Artistic director Jonathan Mills has built his inaugural program for the Edinburgh Festival around the 400th anniversary of Claudio Monteverdi's "L'Orfeo." Using this formative opera as an example, he has sought out work of similar artistic daring, whether it be in a modern treatment of Greek myth or the innovative pairing of music and theater.
Artistic director Jonathan Mills has built his inaugural program for the Edinburgh Festival around the 400th anniversary of Claudio Monteverdi’s “L’Orfeo.” Using this formative opera as an example, he has sought out work of similar artistic daring, whether it be in a modern treatment of Greek myth or the innovative pairing of music and theater. In every respect, Barrie Kosky’s “Poppea,” first seen at the Vienna Schauspielhaus in 2003, seems tailor-made for Mills’ purposes.
Pitched at a theater (rather than opera) audience, “Poppea” is a sexually frank reworking of Monteverdi’s “L’incoronazione di Poppea,” incorporating songs of Cole Porter and a dissolute jazz age setting. The critic who called it “group sex of the genres” hit the nail on the head.
If the blending of Monteverdi and Porter sounds improbable, Kosky doesn’t make it seem so. Leading his four-strong band on piano, the helmer himself provides the musical settings that straddle the centuries.
He has said the “sarcasm and melancholia” of Porter’s songs are “virtually the same world” as Monteverdi’s text, but, to prove his point, he must find a bridge between their two musical arenas. The result is a score that puts tango rhythms into Monteverdi and baroque stylings into Porter, fluidly merging 400 years of musical history in a way that’s surprisingly seamless.

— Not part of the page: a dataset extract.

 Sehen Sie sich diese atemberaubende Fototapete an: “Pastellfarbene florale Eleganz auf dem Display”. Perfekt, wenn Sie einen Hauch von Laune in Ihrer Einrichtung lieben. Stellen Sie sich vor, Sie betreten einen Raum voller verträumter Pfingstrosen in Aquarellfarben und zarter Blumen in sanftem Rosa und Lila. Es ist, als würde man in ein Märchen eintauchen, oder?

Kosky uses Porter’s songs in the same way Shakespeare uses soliloquies. At points of greatest tension, the characters snap out of the Monteverdi, which they sing in German, and launch into English-language renditions of “In the Still of the Night,” “Night and Day” or “It’s De-Lovely.”

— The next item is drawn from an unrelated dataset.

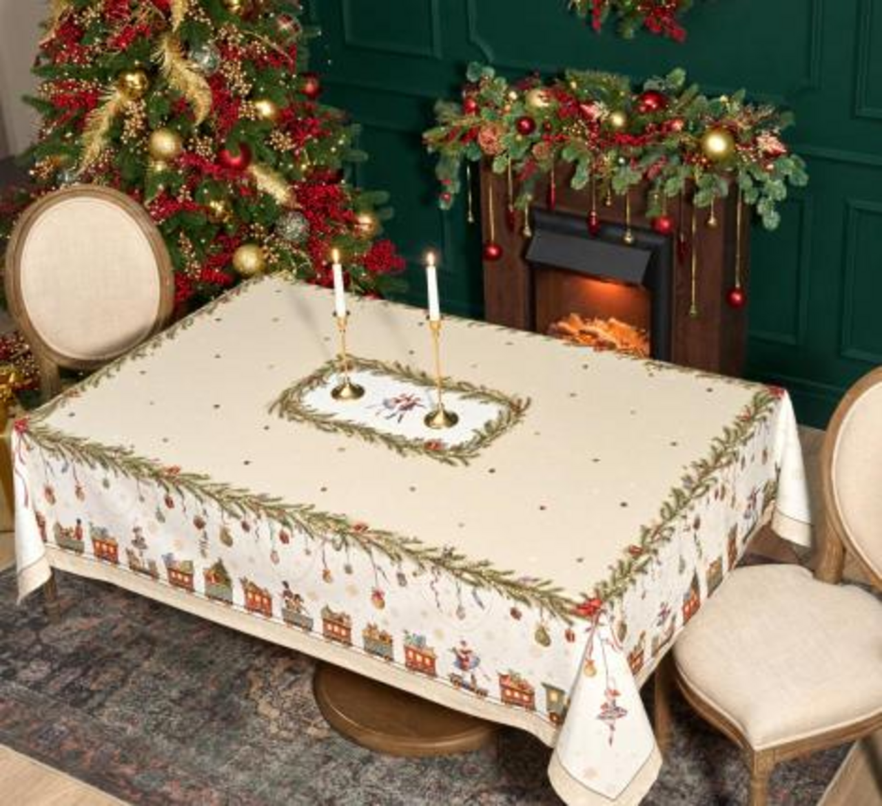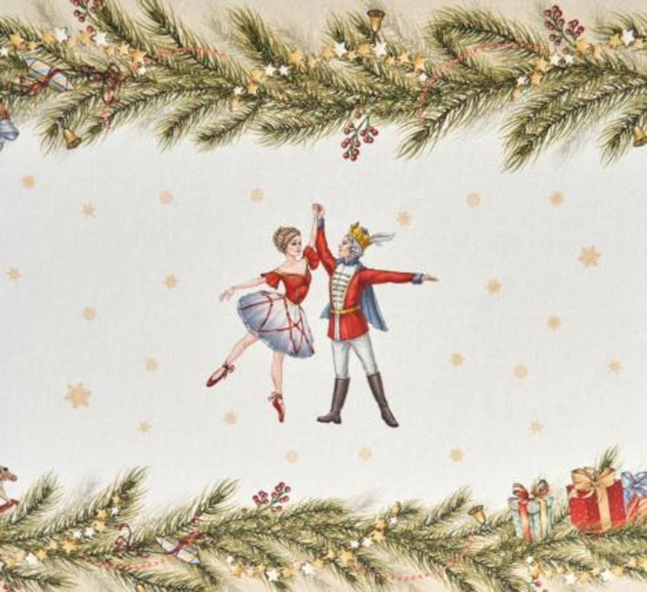 Скатерть новогодней серии "Щелкунчик" — это волшебное дополнение к столу, вдохновлённое сказочной атмосферой, которое принесёт уют и праздничное настроение в ваш дом. Изготовленная из 100% натурального хлопка, она отличается мягкостью и прочностью, обеспечивая комфорт и долговечность в эксплуатации. Скатерть добавляет теплоты и элегантности, идеально сочетаясь с различными интерьерами и декором, от классического до современного. Скатерть идеально подходит для семейных обедов, празднований или повседневных трапез, защищая поверхность стола от пятен и добавляя нотку сказочного шарма. Легко стирается и сохраняет форму, делая уход за ней максимально простым.

On paper, it sounds preposterous. In practice, it’s as if the dramatic moment has been frozen and the characters allowed to explore their heightened emotions.
For a non-operagoing audience, the Porter songs help make Monteverdi accessible. For purists, there’s enough honesty in the staging, beauty in the singing and faithfulness to the original to provide satisfaction. It’s true the actors scream, growl and stutter in a way a trained singer would never countenance, but they also treat the score with respect.

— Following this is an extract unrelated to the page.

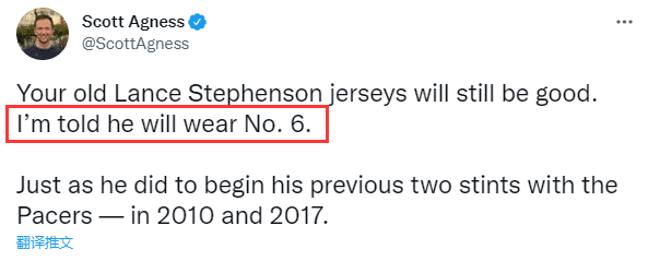 360直播01月02日讯 ,师弟重返印第安纳步行者,据TheAthletic记者ShamsCharania报道,步行者将使用10天困难特例合同,签下后卫兰斯-史蒂芬森;职业生涯第三次为步行者效力,据美记者透露,史蒂芬森将会身穿步行者6号球衣。
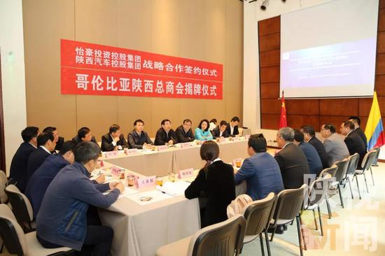 會上,怡豪集團和陜汽控股簽署了戰(zhàn)略合作協(xié)議,胡和平還為哥倫比亞陜西總商會揭了牌。

Although stripped of secondary characters and a chorus, the story remains intact: the adulterous romance between Poppea (Melita Jurisic) and the emperor Nero (Kyrre Kvam) and the foiled plot to murder Poppea by the aggrieved Ottone (Martin Niedermair) and Drusilla (Ruth Brauer-Kvam).
Kosky brings an air of debauchery. The characters’ sexual passions seem to control them, offering little pleasure, just a dark compulsion that leads them into a dream-like state of lust. Niedermair’s Ottone looks most obviously intoxicated as he totters about the stage, but it’s as if everyone has lost control of their rational selves.
There are images of masturbation and of sadomasochistic violence; Poppea’s diaphanous dress leaves nothing to the imagination, and by the finale, there’s blood everywhere.
“Anything Goes” is the number that most fits the mood of licentiousness (and gets a laugh in the process), but it is often the sweetest of Porter’s songs — “So in Love,” “I’ve Got You Under My Skin” or “Ev’ry Time We Say Goodbye” — that seem to express the characters’ desperation.
If it is not a piece of drama as a regular theatergoer would recognize it, neither is this “Poppea” an opera in the conventional sense. In his willingness to blur boundaries, Kosky opens doors — whether to popular music of the early 20th century or the radical new forms of the early 17th — in a way that can only be refreshing.